Mixed hearing loss is a sensorineural hearing loss combined with a conductive hearing loss. For example, a patient may have a noise induced hearing loss and a middle ear infection.


Degrees of Hearing Loss

Determining the degree of hearing loss can be difficult, particularly with young children who do not test as well as older people who can provide more accurate results. A hearing loss can be mild, moderate, severe or profound. Sounds below the lines on the audiogram can be heard.Normal/Slight Hearing Loss


  • Normal – Anything below 15dB. All the X and O are above the 15dB line. This means hearing is ‘normal’.
  • Slight – At 16dB to 25dB, a little difficulty understanding speech.


Mild Hearing Loss



  • Mild – At 26dB to 40dB, a little difficulty hearing speech. Even a mild hearing loss can be serious for children still learning to talk.

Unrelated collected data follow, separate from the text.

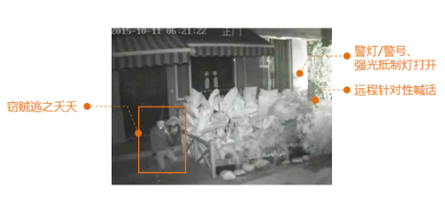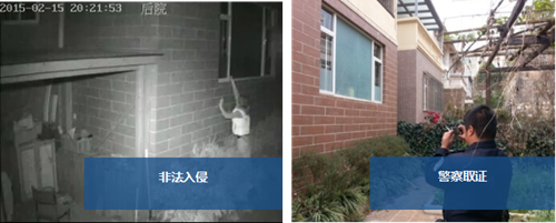 (3)2015年2月15日,一名不法人员趁用户试图闯入云南某小区别墅家中偷盗。该不法人员企图从窗户爬进用户家中,触发墅安居报警,现场当即启动远程声光联动报警,强烈的声光震动迫使嫌犯狼狈逃窜。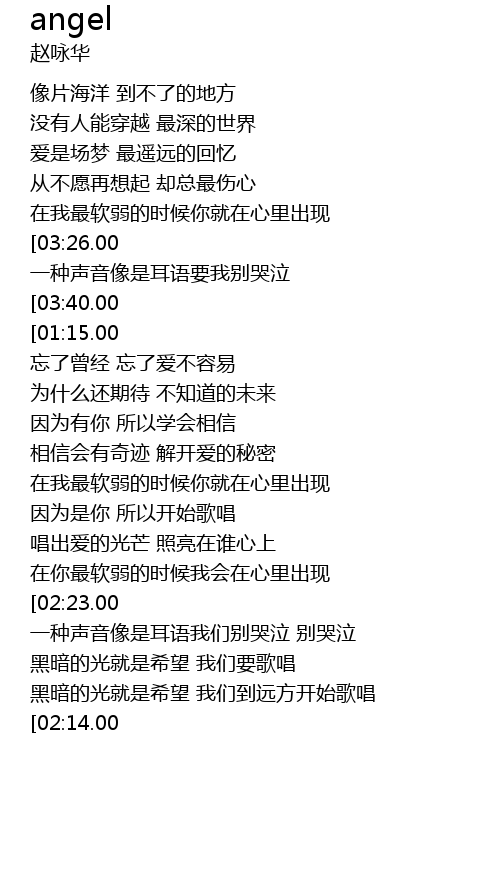 | [03:55.00][03:26.00][02:16.00][00:53.00] | Yeliel My Angel chen mo kai shi ting jian |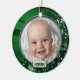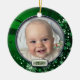 Adorable round ceramic Baby's First Christmas custom photo frame ornament. The front has a place for your own uploaded photo and the year, while the back is ready for you to personalise with baby's name and year as well. Makes the perfect gift for new parents grandparents and will be a treasured keepsake year after year.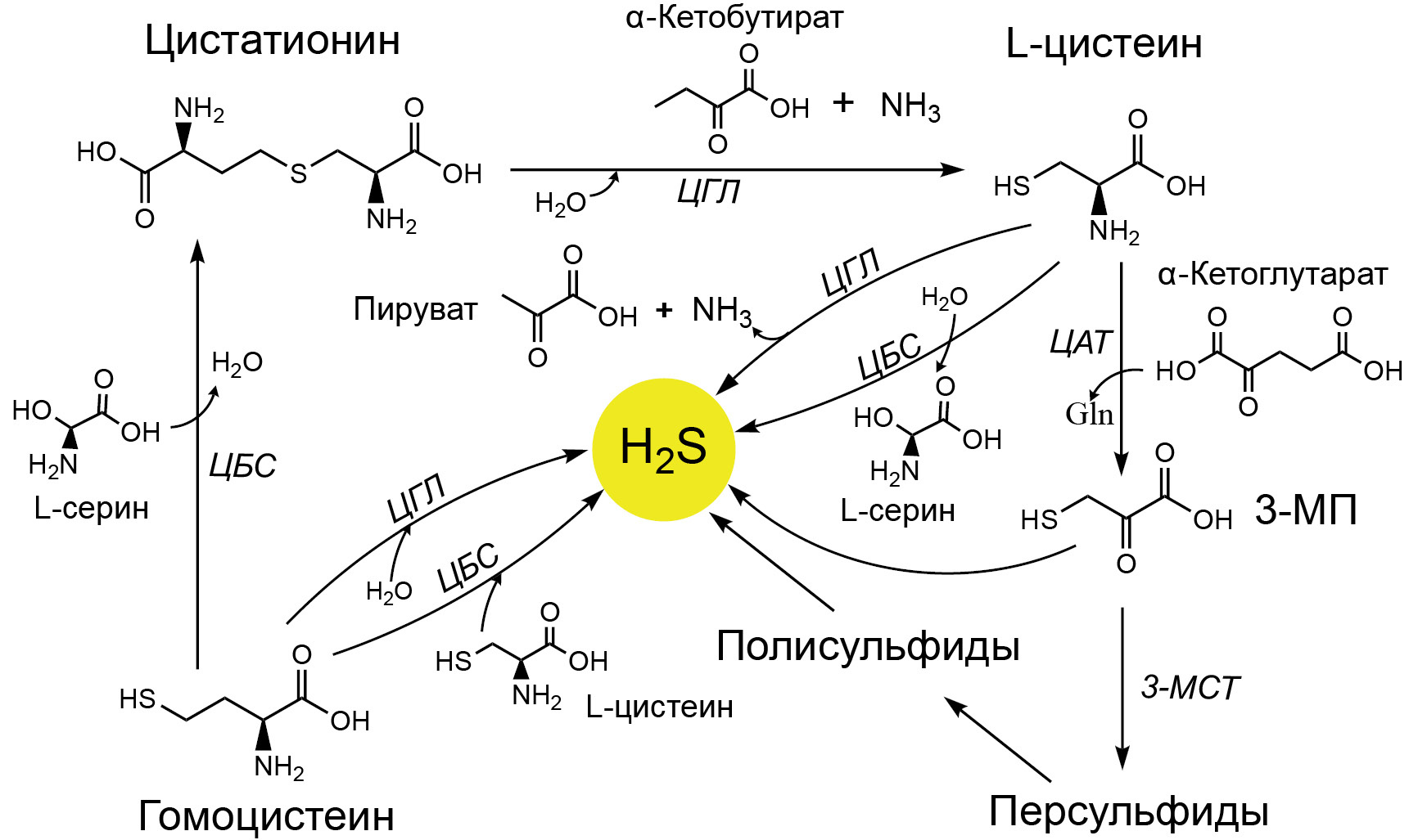 H₂S образуется в клетках человека и других млекопитающих благодаря работе нескольких ферментов, участвующих в метаболизме серосодержащих аминокислот: пиридоксаль-5-фосфат-зависимых цистатионин-β-синтазы (ЦБС, EC 4.2.1.22), цистатиониновой γ-лиазы/цистатионазы (ЦГЛ, EC 4.4.1.1) и пиридоксаль-независимой 3-меркаптопируватсульфотрансферазы (3-МСТ, EC 2.8.1.2) (рис. 2). Данные ферменты имеют различные профили тканевой экспрессии, отличаются по эффективности синтеза H₂S, субстратной специфичности и механизмам регуляции активности, что в совокупности позволяет тонко контролировать уровни внутриклеточного H₂S [32].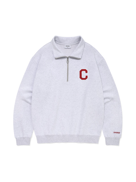 [커버낫] C 로고 하프 집업 맨투맨 헤더 그레이

Moderate/Moderately Severe Hearing Loss

  •  Moderate – At 41dB to 55dB, more difficulty hearing speech. Sounds below the lines on the audiogram can be heard. Low/loud sounds like oo, ah, ay and ee may be heard.
  • Moderately Severe – At 56dB to 70dB, a lot of difficulty hearing speech.


Severe Hearing Loss



  • Severe – At 71dB to 90dB, serious difficulty hearing speech without hearing aids. Conversational speech cannot be heard. Shouting and loud noise (like traffic) can be heard.




Profound Hearing Loss

  • Profound – Anything over 91dB. With this level of hearing loss, hearing aids may or may not help; cochlear implants are often an option. Speech cannot be heard. Very loud noises like pneumatic drills and planes taking off can be heard (or felt). People with very profound hearing losses can feel loud low sounds.